Harmonization of Title VII rules;

Auditor independence with respect to loans or debtor-creditor relationships;

Amendments to the Commission's whistleblower program rules;

Amendments to the Interactive Data (XBRL) program;

Modernization of property disclosures for mining registrants;

Disclosure updates and simplification; investment company reporting modernization (an option for website transmission of shareholder reports);

The regulation of NMS stock alternative trading systems;

The disclosure of order handling information; and

Amendments to municipal securities rules.

But for all of this, the SEC is not the only agency with a regulatory backlog. Also ahead in the coming weeks are also compliance deadlines for the Financial Crimes Enforcement Network’s Customer Due Diligence/Beneficial Ownership Rule and the New York Department of Financial Services cyber-security guidelines and attestation/certification requirements.
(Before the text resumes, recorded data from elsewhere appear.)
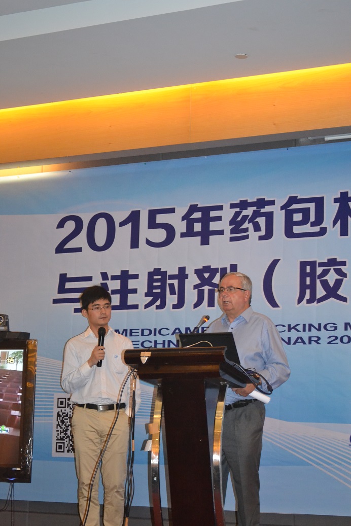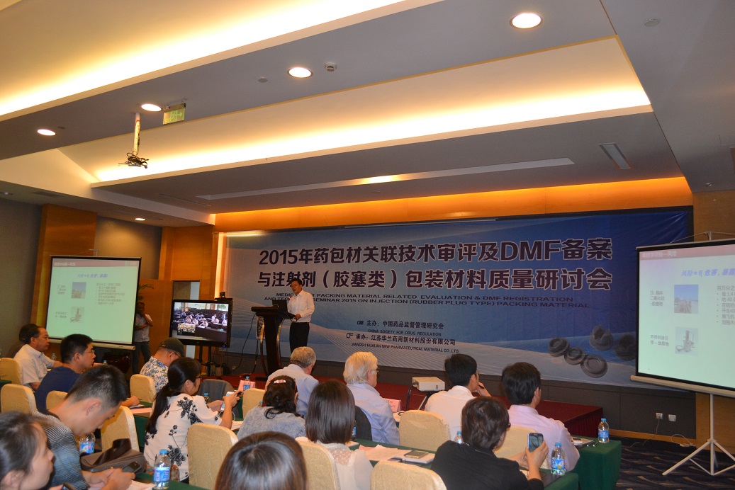 我公司还特别安排了suncitygroup太阳集团技术经理朱银华博士就注射剂首选覆膜胶塞的技术要求及覆膜胶塞在应用中的注意事项做专题介绍,专业的数据分析,敏捷的思路让朱博士的讲解得到了与会代表的一致认可。为保证技术研讨会效果,公司还请来了五十多年来在欧洲从事注射剂内包材瓶塞技术研究、DMF技术审评的奥托博士、贾米尔先生与大家交流互动,奥托、贾米尔先生就胶塞成分对药品的影响及如何满足欧洲药包材DMF文件的编制及标准,国际市场对胶塞的选用、应用与国内的区别做现场互动交流。交流中,专家代表们热情提问,通过交流对欧美的DMF备案有了更深入的认识。
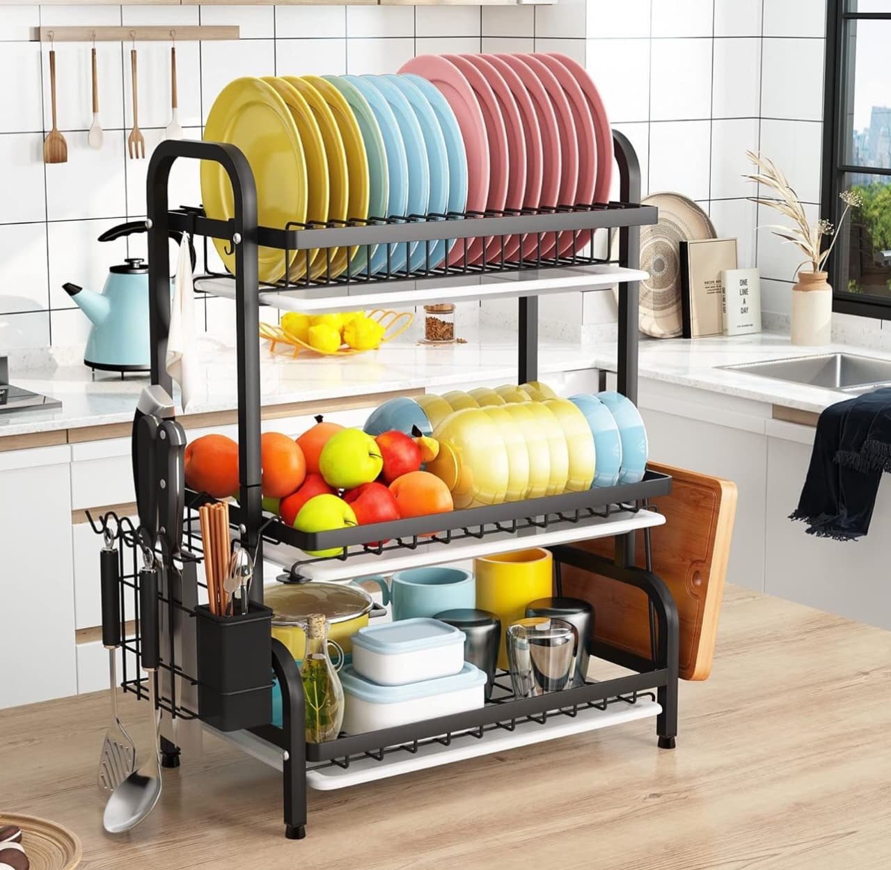 ¿Cansado de un mesón desordenado y mojado? Nuestro Organizador de Loza de 3 Niveles es la solución perfecta para optimizar cada centímetro de tu cocina, combinando gran capacidad, funcionalidad y un diseño moderno.
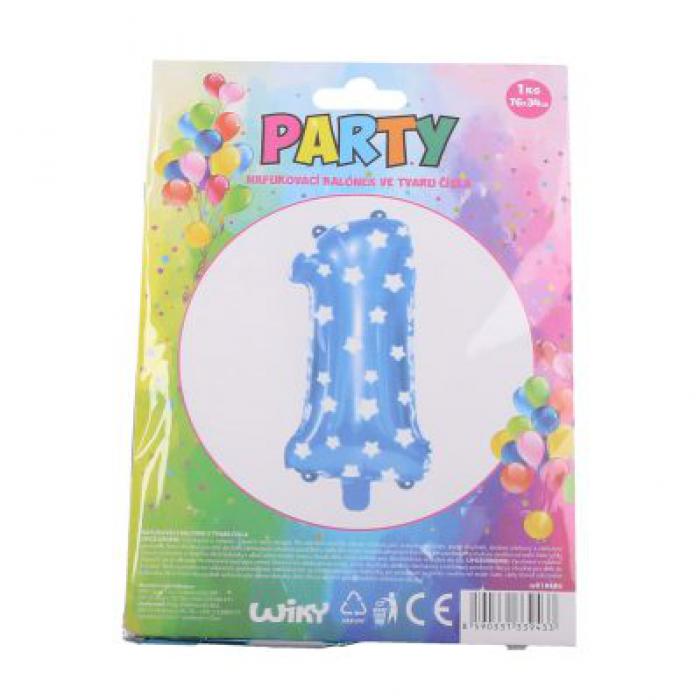 Nafukovací balónek ve tvaru čísla 1, balení obsahuje 1 ks, barva: modrá.
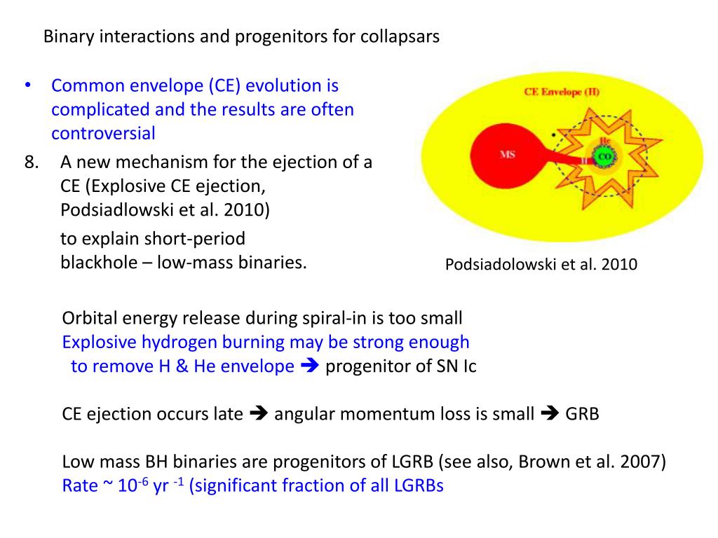 Binary interactions and progenitors for collapsars • Common envelope (CE) evolution is complicated and the results are often controversial • A new mechanism for the ejection of a CE (Explosive CE ejection, Podsiadlowski et al. 2010) to explain short-period blackhole – low-mass binaries. Podsiadolowski et al. 2010 Orbital energy release during spiral-in is too small Explosive hydrogen burning may be strong enough to remove H & He envelope progenitor of SN Ic CE ejection occurs late angular momentum loss is small GRB Low mass BH binaries are progenitors of LGRB (see also, Brown et al. 2007) Rate ~ 10-6 yr -1 (significant fraction of all LGRBs
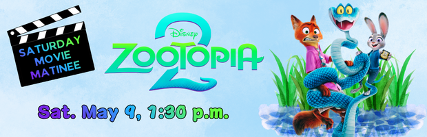 Watch ZOOTOPIA 2 (PG, 108 min.) on our big screen! Drinks provided; bring your own snacks.
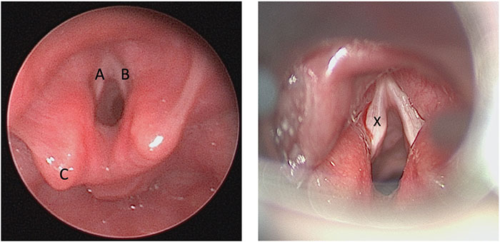 FIGURE 1 Endoscopic images of the larynx of an ex-preterm born at 26 weeks’ gestation with left vocal cord paralysis after PDA ligation. Left: Pre-operative image showing A = left vocal cord, B = right vocal cord and C = left arytenoid. Notice the prolapsed left arytenoid due to palsy. Right: Left vocal cord augmentation with hyaluronic acid, X = site of hyaluronic acid.

Centralized review process. Speaking at a Brookings Institution event on Jan. 26, Office of Information and Regulatory Affairs Administrator Neomi Rao, President Trump’s “regulatory czar,” said that what was initially a plan to purge two old regulations for every new one ended up having a ratio of 22 for 1.
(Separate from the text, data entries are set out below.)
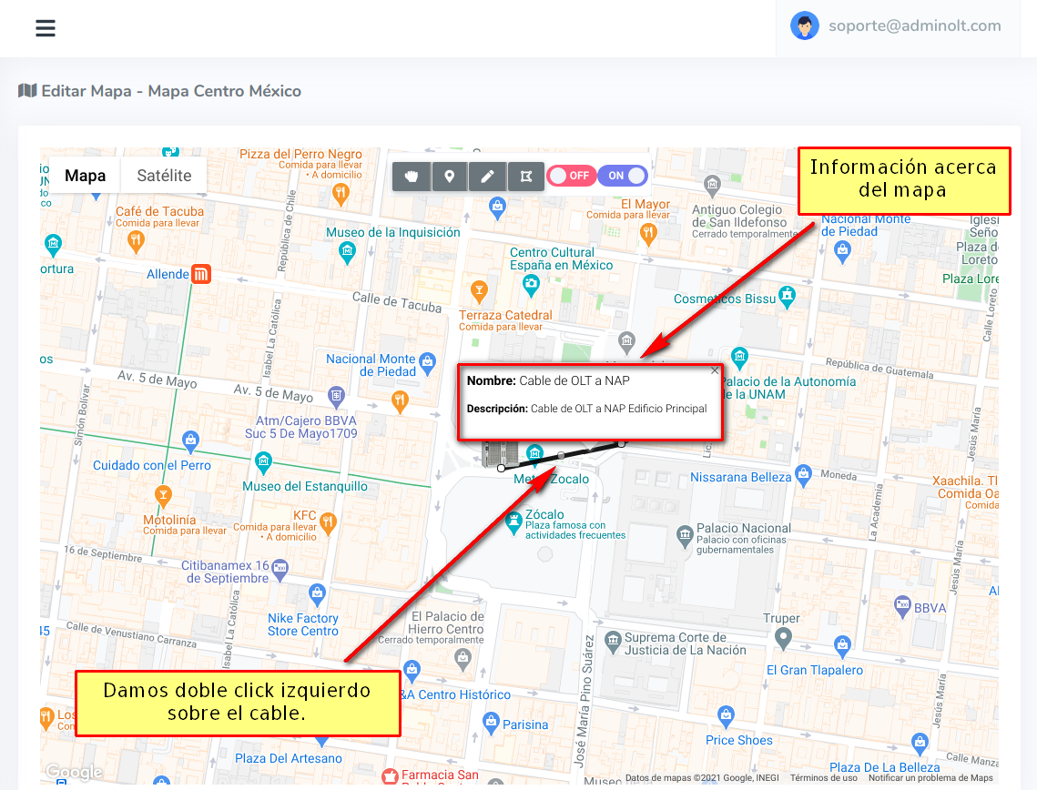 Una vez que demos click en el segundo marcador, nos saldrá una ventana donde tendremos que poner la información acerca del cable, después damos click en Si, estoy seguro.
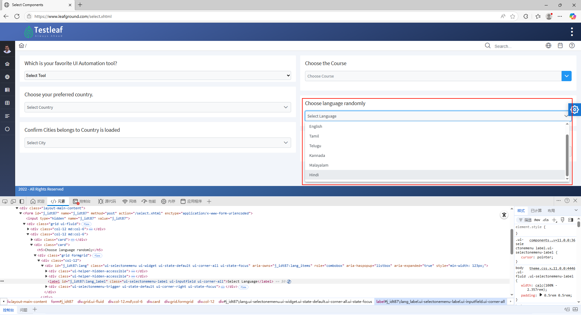 8、以测试网站 https://www.leafground.com/select.xhtml 页面中的 下拉菜单多选项为例,打开下拉选择框,要选择最后一个,刚开始打开下拉框时是选不到最后一个选项的,需要滚动向下才能看到最后一个选项;
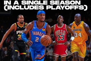 體育資訊6月10日訊 據統計,本賽季當選MVP的亞歷山大已經砍下了3000+的得分(包括常規賽與季后賽),是歷史上第四位在當選MVP賽季,做到這一點的球員。
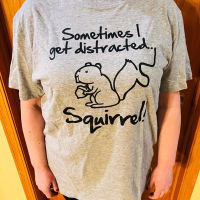 Sometimes I get distracted...hey look! A squirrel. If you loved our squirrel ADD shirt you will love this one. The perfect gift for that person who just can't sit still. Are you easily distracted? Animal Lovers Unite! Celebrate your furry friends with some funny doggie puns or cool cat jokes. At Crazy Dog T Shirts we are Proud of ourselves in making fun, animal themed products every pet parent will love! Unique and hilarious, Crazy Dog funny shirts for women and shirts with sayings make great gifts for family, friends and coworkers. Our women's novelty t-shirts are perfect for the cute and sarcastic mom, sister, aunt or grandma in your life. Crazy Dog shirts with funny sayings are made with a soft spun poly cotton blend. Soft and comfortable to wear, our funny womens t shirts will quickly become her new favorite graphic tee. Available in a wide range of colors, sizes and styles, our funny t shirts for women pair well with her favorite pair of jeans, shorts or sweatpants. Find the eye catching sarcastic tshirts for women your friend, cousin, coworker or girlfriend will love. Our women's graphic t-shirts and sarcastic t shirts are great for birthdays and holidays. These womens novelty t shirts are perfect for the one who appreciates funny sarcastic shirts and gag gifts. Crazy Dog funny graphic tees for women are made in the USA. Our funny aunt, grandma and mom shirts are printed with high grade ink and state-of-the-art equipment. These womens funny tshirts are designed to last and won't fade over time. Crazy Dog's fun tshirts for women are comfy, stretchy and crafted with super soft material. If you're looking for women's novelty clothing, we have a wide selection. Charming, cute, nerdy and corny, our funny sarcastic shirts are perfect for casual wear, camping and work. Wear our ladies graphic tees on a casual day off or a fun get together with friends
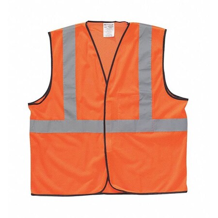 ' High Visibility Vest, ANSI Class 2, Vest Size 4XL, Color Orange/Red, Fits Chest Size 56 In. to 62 In., Gender Unisex, Stripe Color Silver, Vest Material Polyester Mesh, Vest Closure Type Hook-and-Loop, ATPV Rating Unrated, Hazard Risk Category (HRC) 0, Vest Stripe Color Family Silver, Back Stripe Pattern U-Block, Vest Length 29 In., Number of Pockets (Inside) 1, Number of Pockets (Outside) 0, Number of Pockets with Closure 1, Features Mesh, Standards ANSI/ISEA 107-2015 Type R Class 2 '

Those efforts will continue in Year Two of the Trump administration, she said. “We want to make sure that they are working to solve an actual problem,” she said of rules and the agencies that craft them. “We want to make sure here is some reason for the government to act, such as a substantial market failure… Even when we are satisfied that an agency has legal authority and a regulation may be necessary, we what to make sure that agencies work in a manner that gives fair notice to the public and respects due process.”

Rao added that regulators should be deterred from using guidance, letters, FAQs, and speeches as a way to implement new regulations without due process.

“Agencies are continuing to move forward with regulations that are required by statute or that they think are necessary to meet certain statutory goals,” she added. “I don’t think there is anything in our system that is really stopping that from happening.”

Rao, however, hinted that efforts may be afoot to bring independent agencies (SEC, Federal Reserve, and IRS) further into the centralized review process.

"It's something we're thinking about and considering," she said. While Trump appointments are already likely reform minded, there may still be room to give agencies “a bigger push” in areas like cost/benefit assessments and paperwork reduction.